Home/Blog/Digital Provenance
Software Supply Chain

Digital Provenance, SBOMs, And Signed AI-Generated Code

AI agents can now draft code, update dependencies, generate containers, and modify deployment files in minutes. That speed is useful only if production can answer a boring but critical question: who produced this artifact, from which source, with which dependencies, under which workflow, and has it changed since?

Provenance turns AI output into evidence

Generated code is not special because it came from an AI model. It is special because it can change more code paths, faster, with less human typing. That makes supply-chain evidence more important, not less. A pull request comment saying "the agent wrote this" is not provenance. A signed attestation tying the artifact to source, commit, workflow, builder, dependencies, and digest is much closer to something a deployment gate can verify.

SLSA focuses on provenance for build integrity. Sigstore provides signing and transparency tooling for artifacts. CycloneDX covers SBOMs and ML-BOMs so software, models, datasets, and dependencies can be represented in a structured way. Together, they give AI-generated code a verifiable trail.

AI code verification pipeline
Agent changeCode, tests, prompts, dependencies, or deployment files are modified.
ReviewHuman approves behavior, risk, and architecture impact.
BuildCI produces artifact from pinned source and workflow identity.
DocumentSBOM, ML-BOM, licenses, models, datasets, and dependency graph.
SignArtifact and attestations are signed and logged.
VerifyAdmission policy checks digest, provenance, signer, and risk before deploy.

SBOM is the ingredient list, provenance is the receipt

An SBOM tells you what is inside. Provenance tells you how it was produced. A signature tells you whether the thing you are deploying still matches what was signed. AI-era delivery needs all three because generated changes often touch glue code, transitive dependencies, prompt templates, generated SDKs, and container layers at the same time.

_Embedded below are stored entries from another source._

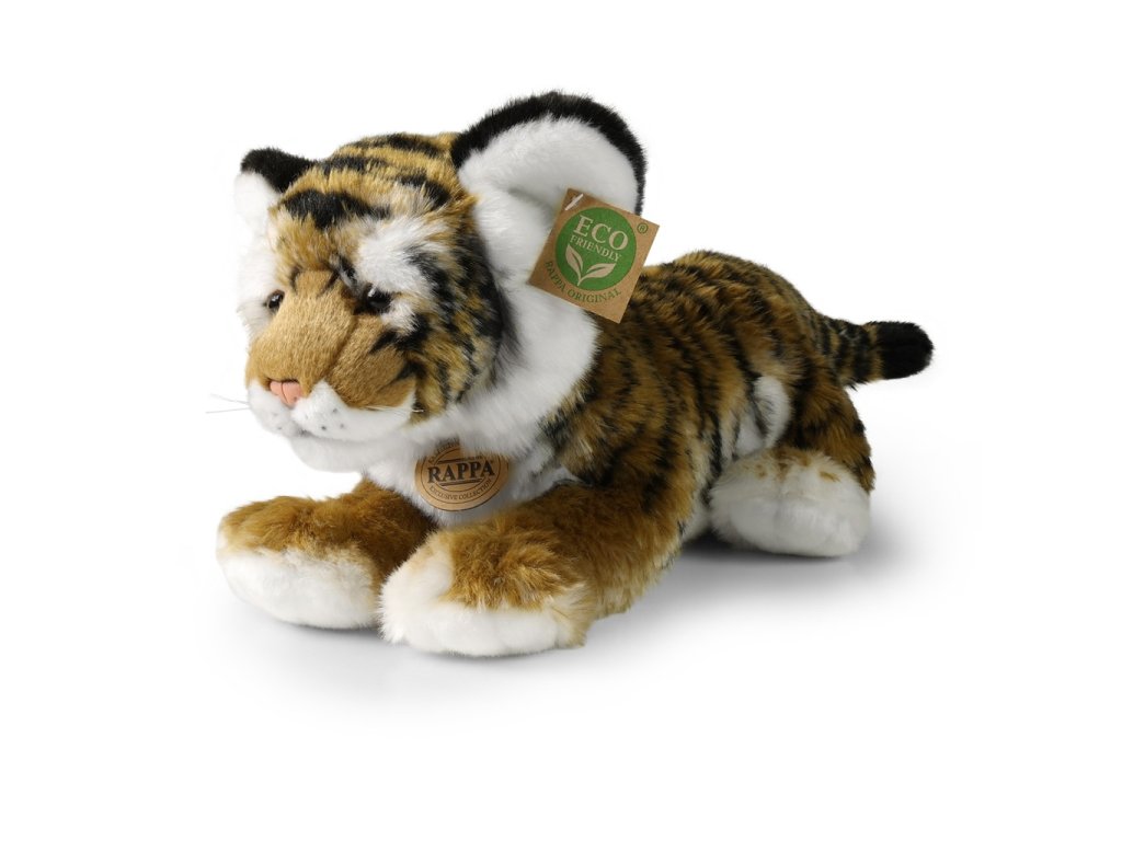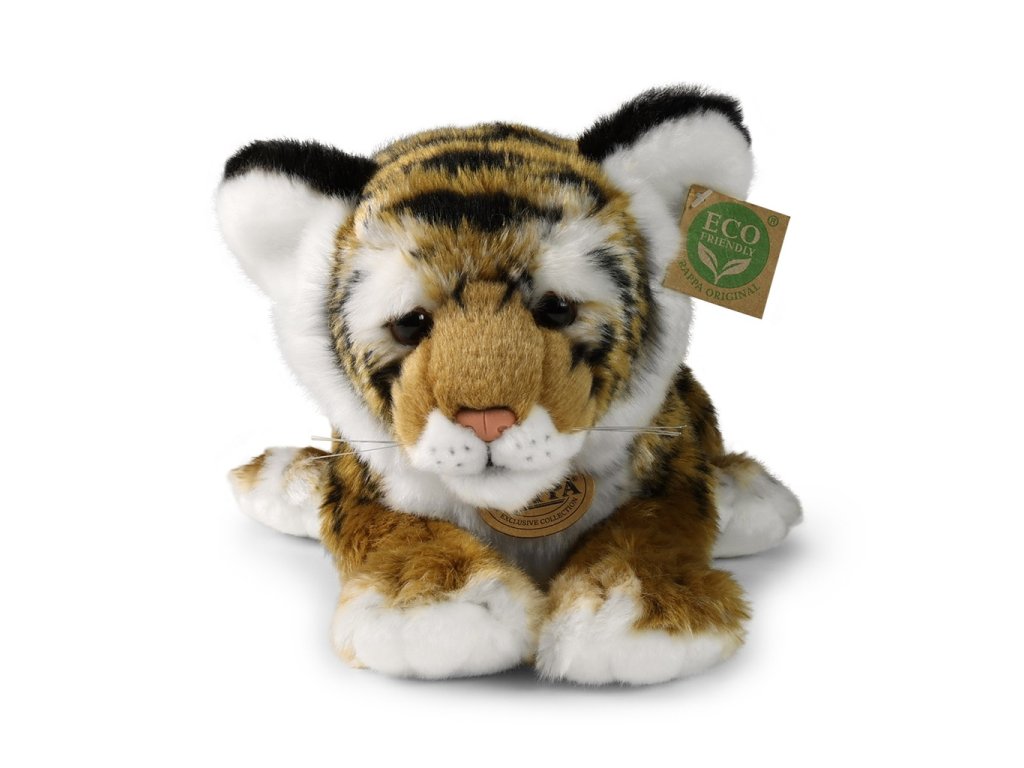 Plyšový tygr o velikosti 33 cm je ručně ušitý z vysoce kvalitního jemného plyše, a díky tomu vypadá jako živý. Tento plyšový kousek je ideálním dárkem pro všechny milovníky heboučkých plyšáků. Je součástí exkluzivní kolekce plyšových hraček značky RAPPA. Hlavní vlastnosti: realistické zvířátkoruční zpracovánívysoce kvalitní plyšECO-FRIENDLY výplň Co to vlastně ECO‑FRIENDLY znamená? Výplň plyšové hračky je vyrobena z recyklovaných PET lahví. Tento materiál je zcela bezpečný, na omak nerozeznatelný od standardní výplně a plně atestovaný pro bezpečnost i těch nejmenších. Rozhodli jsme se jít zelenou cestou co nejméně zatěžující životní prostředí – cestou ECO‑FRIENDLY.
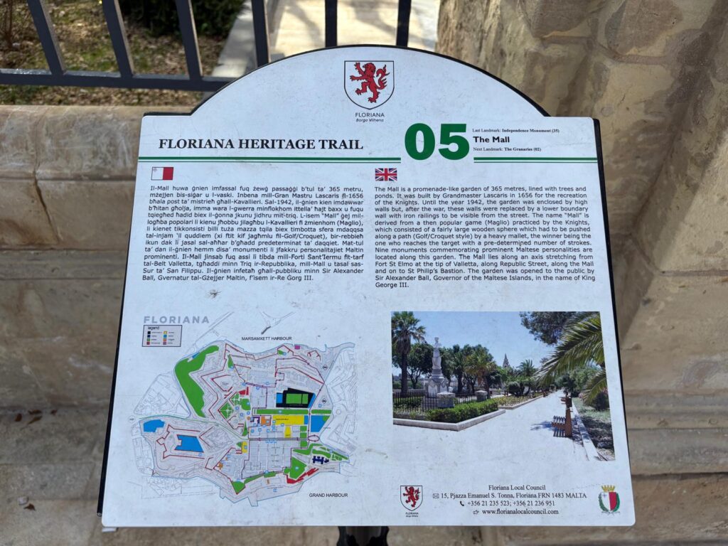 My first experience of Floriana was as a handy place to go running in the mornings. I’d learned my lesson doing a loop around Valletta, which is fine until you come to a big incline to get back to the city from the ferry port. If you’re going to go to the effort of exercising on holiday, the least you can do is find an easy route for yourself. And Floriana looked a great deal flatter! The upshot of running around Floriana was that I started to notice interesting historic spots. Many had plaques in front of them, part of a walking tour, but there’s only so much you can read as you jog past. So with a morning spare, I decided to go and have a proper look.
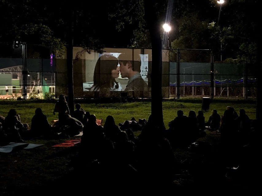 밤이 내려앉자, 사람들은 테니스장 앞으로 옹기종기 모여들었다. 펜스를 스크린 삼아 야외 영화관이 꾸려졌다. 돗자리를 깔고 앉아 무릎 담요를 덮고 과자를 오물거리며 영화에 빠져들어 갔다. 오늘의 영화는 「500일의 썸머」. 썸머와 폴의 달달한 첫키스 장면에선 다들 숨을 죽였다.
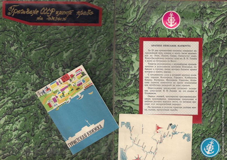 Участник Речного форума Werwolf любезно предоставил сканы фотоальбома о круизе. Некоторые комментарии к фотографиям сейчас могут показаться наивными, но советы, которые дает автор фотоальбома, актуальны и по сей день. Авторский текст набран курсивом. Приятного просмотра и прочтения!
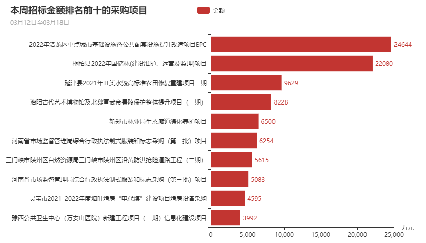 在本周政府采购的503个项目中,招标金额最大的十大项目依次为2022年洛龙区重点城市基础设施暨公共配套设施提升改造项目EPC、桐柏县2022年国储林(建设维护、运营及监理)项目、延津县2021年Ⅱ类水毁高标准农田修复重建项目一期、洛阳古代艺术博物馆及北魏宣武帝景陵保护整体提升项目(一期)、新郑市林业局生态廊道绿化养护项目、河南省市场监督管理局综合行政执法制式服装和标志采购(第一批)项目、三门峡市陕州区自然资源局三门峡市陕州区沿黄防洪抢险道路工程(二期)、河南省市场监督管理局综合行政执法制式服装和标志采购(第三批)项目、灵宝市2021-2022年度烟叶烤房“电代煤”建设项目烤房设备采购、豫西公共卫生中心(万安山医院)新建工程项目(一期)信息化建设项目。该十大项目招标总金额为9.66亿元,占本周项目招标总金额的41.23%,其中排名第一的是2022年洛龙区重点城市基础设施暨公共配套设施提升改造项目EPC,招标金额为2.46亿元,占本周项目招标总金额的10.52%。
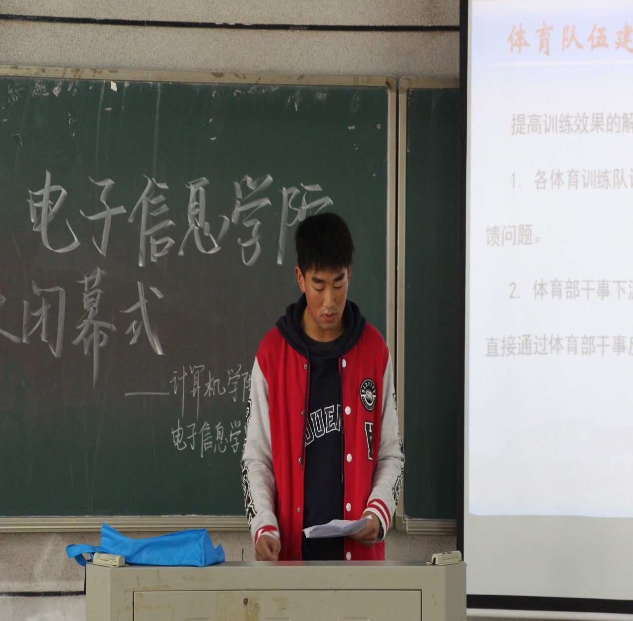 12月21日中午12:30,今年会领导老师、核心干部和各班体委以及参赛人员齐聚于润寰南101一同开展了今年会官网与电子信息学院“体育新周末”闭幕式。本次闭幕式由邓戬主持。

For AI systems, the inventory expands. It is not enough to list npm or Python dependencies. You also need model name and version, dataset lineage, embedding model, prompt template version, eval suite, tool permissions, and runtime policy.

SBOMWhat packages, licenses, files, and components are present?
ML-BOMWhich models, datasets, frameworks, and training or eval metadata matter?
AttestationWho built it, from what source, using which workflow and builder?
SignatureCan production verify artifact identity before it runs?

What should be signed

The mistake is signing only the final container and calling it done. A useful AI supply chain signs the container image, SBOM, model artifact, eval report, deployment manifest, and provenance statement. The signature is not just ceremony; it allows an admission controller or deployment script to reject unknown artifacts before they touch production.

ArtifactWhat it provesPolicy gate
Source commitWhich repository revision introduced the change, including agent-authored files.Require protected branch, review, and workflow identity.
Build provenanceWhich builder, workflow, inputs, and digest produced the artifact.Accept only trusted CI builders and expected repo paths.
SBOMWhich software dependencies, licenses, and components are included.Block banned licenses, vulnerable packages, and unknown registries.
ML-BOMWhich models, datasets, embeddings, frameworks, and eval metadata are involved.Block unapproved models or missing data lineage.
Container signatureWhether the image digest matches a trusted signature.Deploy only signed digests, never mutable tags alone.
Eval attestationWhich tests, scans, and model evals passed for this exact artifact.Require minimum coverage, security scan, and eval threshold.

AI agents need identity in the trail

When an agent makes a change, the provenance trail should not pretend a human typed every line. The commit and pull request should show the human approver, the agent or workflow identity, the tools used, and the files touched. The point is not blame. The point is replayability: if a model upgrade or agent policy causes bad output, you need to find every artifact built under that context.

This is where AI governance meets DevSecOps. Agent output should become an input to the same verification fabric as human code: branch protection, tests, SBOM, signed provenance, artifact verification, and runtime monitoring.

What I would build

I would build an "AI artifact passport" for every deployable service. The passport would combine source commit, human reviewer, agent identity, prompt or task reference, SBOM, ML-BOM, SLSA provenance, cosign signature, eval results, vulnerability scan, and deployment environment. Production would reject releases without a valid passport.

The best version would be boring to use: one CI reusable workflow emits the evidence, one policy engine verifies it, and one dashboard shows what is trusted, what is expired, and what cannot be reproduced.

The design principle

AI-generated code does not need a separate trust universe. It needs stronger evidence inside the software supply chain we already have. If a system cannot prove where an artifact came from, what it contains, who approved it, and why production accepted it, then speed has outrun accountability.